#### Task to complete:
Images should be omitted while the rest of the data is duplicated exactly.

#### Dataset extract:
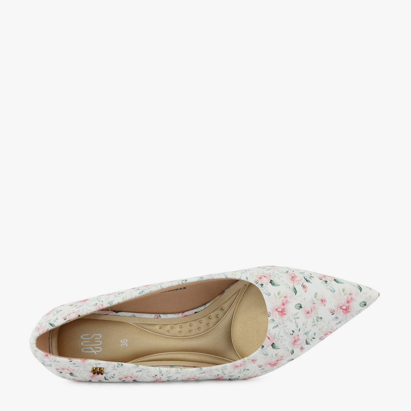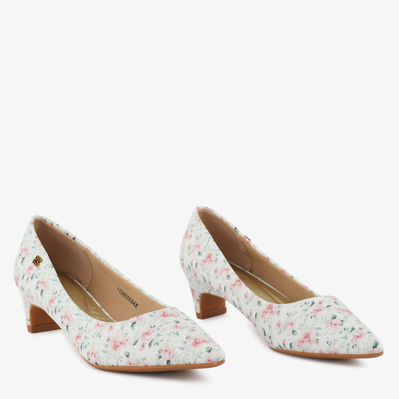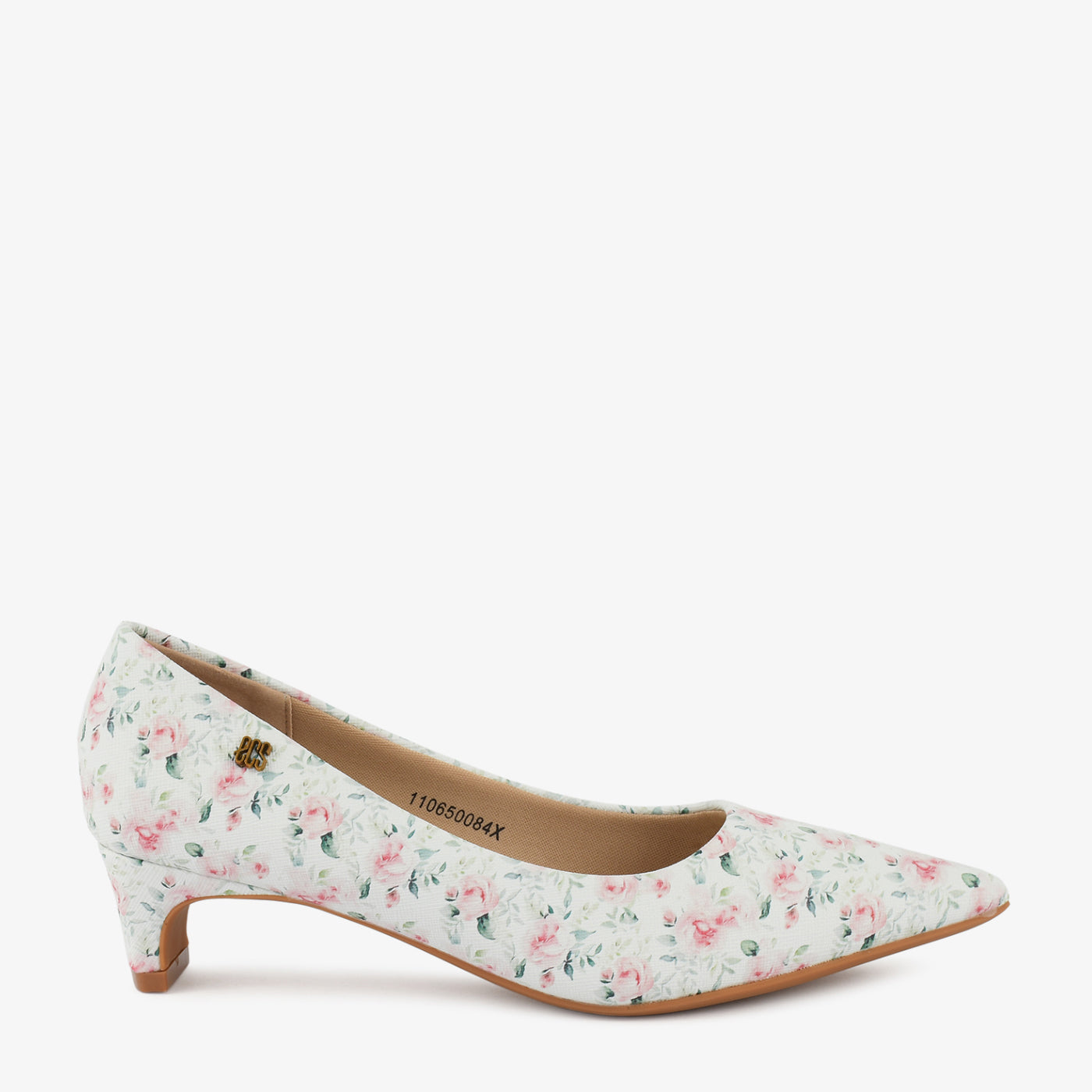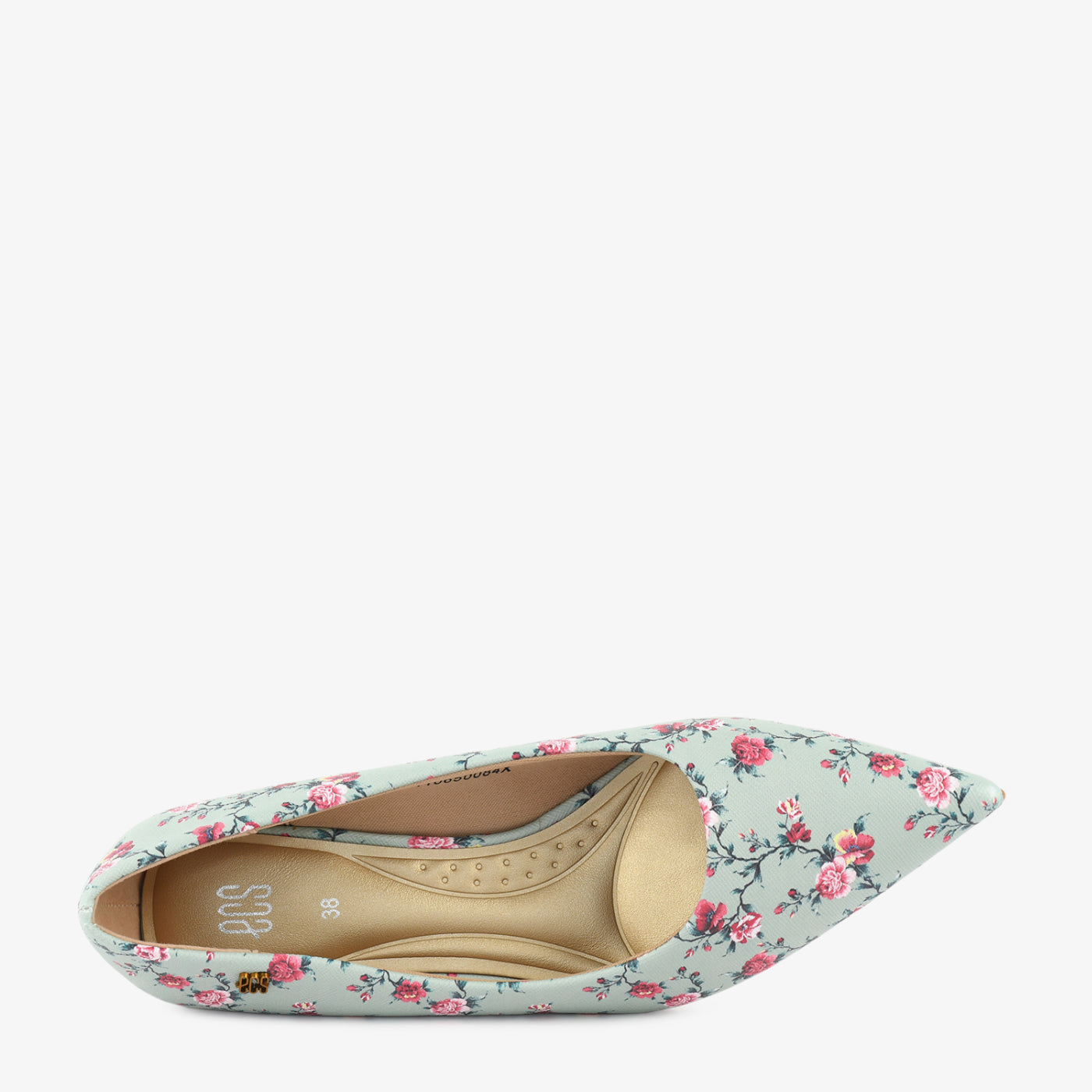 This floral coat shoe features a pastel mint base with delicate pink blooms, bringing a soft and feminine vibe. Its low block heel ensures both comfort and charm, perfect for day outings or semi-formal events.
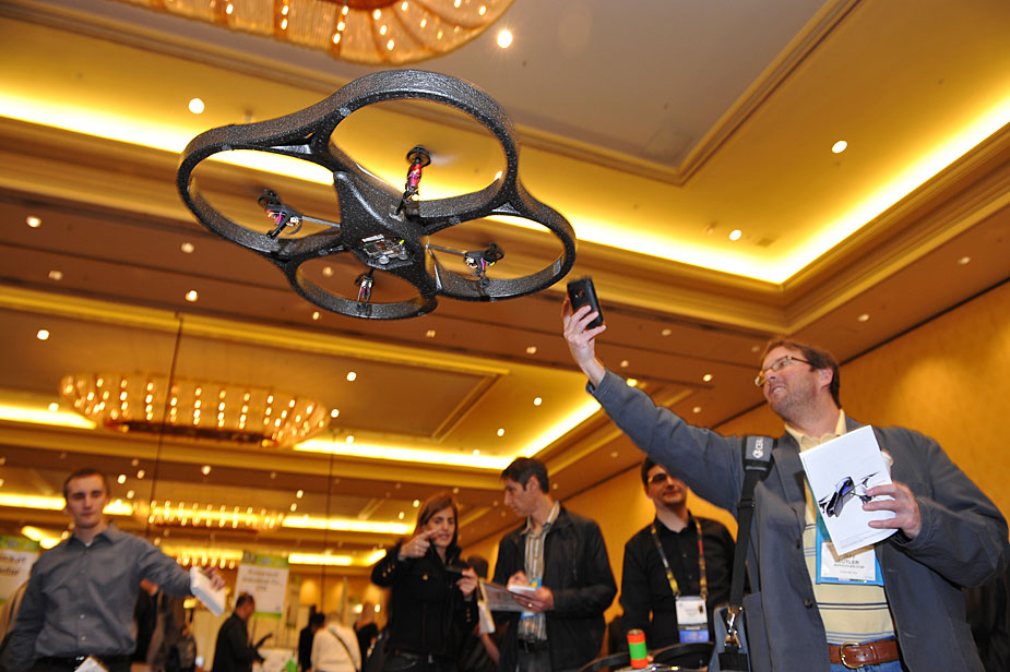圖為國際消費電子展上展示無人駕駛直升機模型。
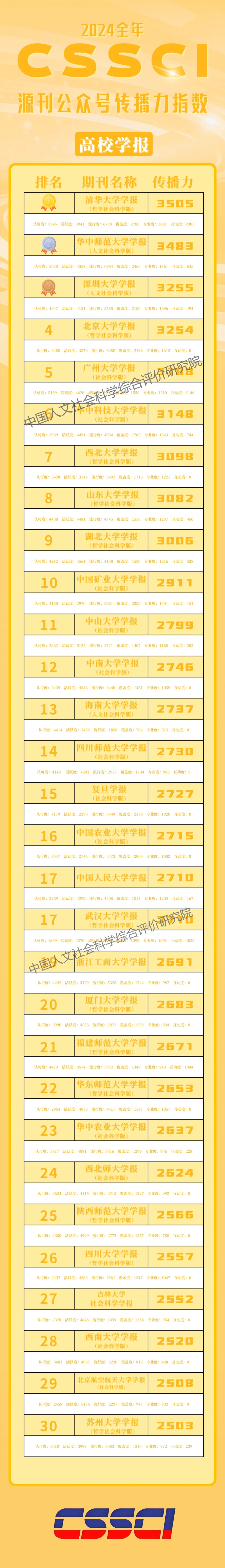 2024年,“CSSCI源刊微信公众号传播力指数”覆盖700余种CSSCI来源期刊(含扩展版)的公众号,对2024年全年发布的九万余篇推文数据进行分析,并构建指数模型,旨在多维度反映学术期刊融合传播状况,为学术传播选择新的媒介形态提供有效的多元路径,为学术期刊评价提供新的事实数据,助力学术期刊评价体系的进一步完善。
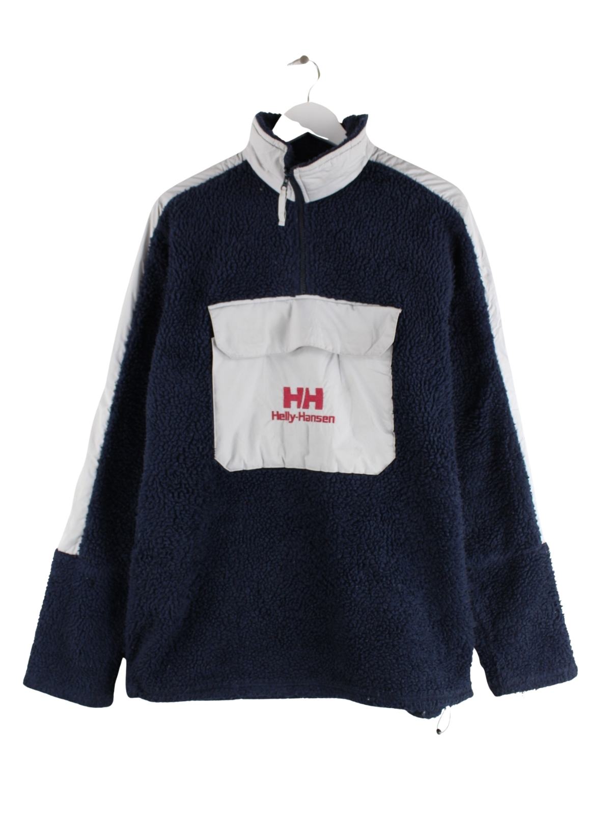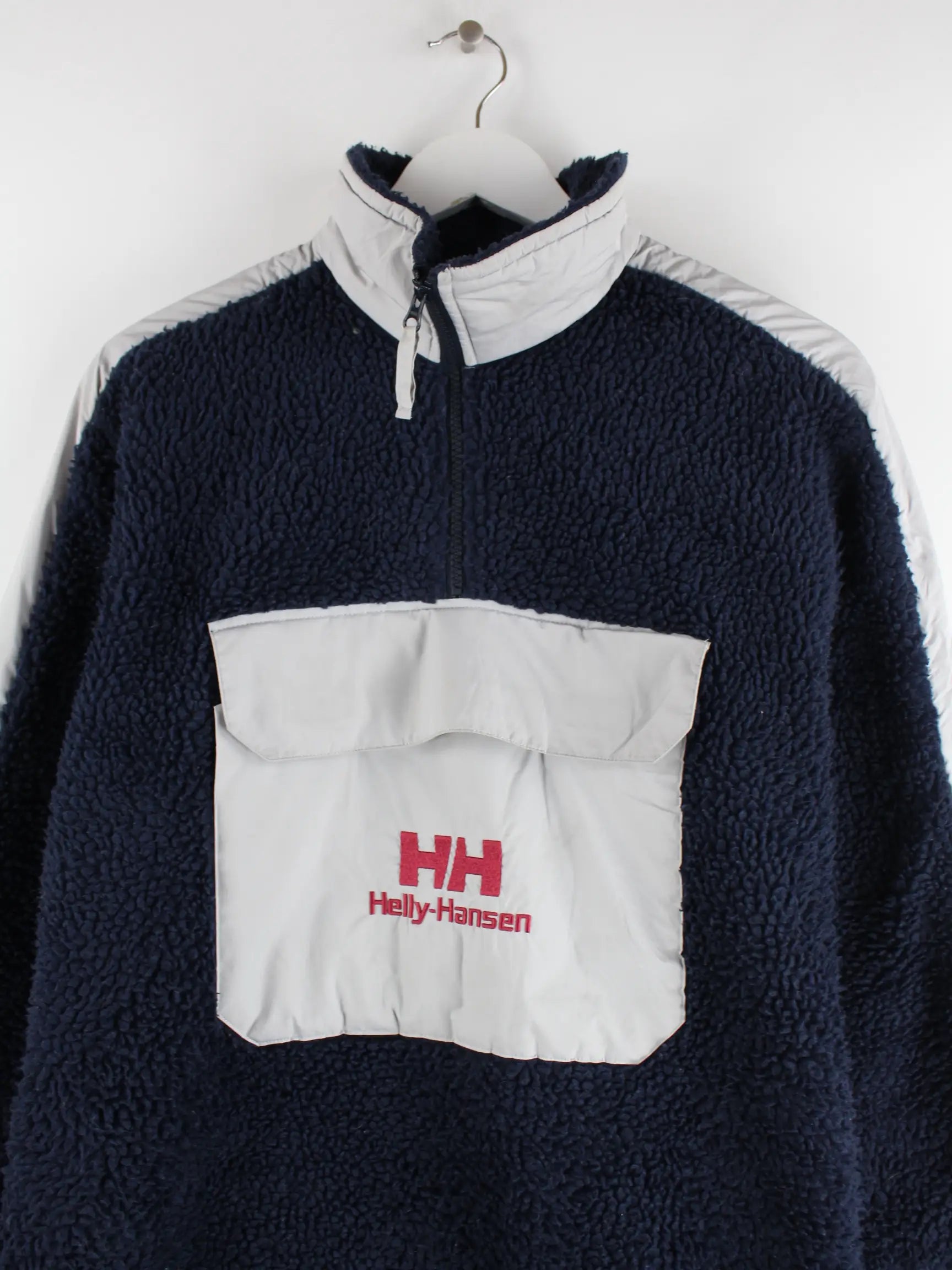 Blaue Leichte Jacke mit halbem Reißverschluß des Labels Helly Hansen in Größe XL. Sie ist aus kuscheligem Fleece gemacht und in gutem Zustand vorrätig.

#### Solution to the problem:
 This floral coat shoe features a pastel mint base with delicate pink blooms, bringing a soft and feminine vibe. Its low block heel ensures both comfort and charm, perfect for day outings or semi-formal events.
圖為國際消費電子展上展示無人駕駛直升機模型。
 2024年,“CSSCI源刊微信公众号传播力指数”覆盖700余种CSSCI来源期刊(含扩展版)的公众号,对2024年全年发布的九万余篇推文数据进行分析,并构建指数模型,旨在多维度反映学术期刊融合传播状况,为学术传播选择新的媒介形态提供有效的多元路径,为学术期刊评价提供新的事实数据,助力学术期刊评价体系的进一步完善。
 Blaue Leichte Jacke mit halbem Reißverschluß des Labels Helly Hansen in Größe XL. Sie ist aus kuscheligem Fleece gemacht und in gutem Zustand vorrätig.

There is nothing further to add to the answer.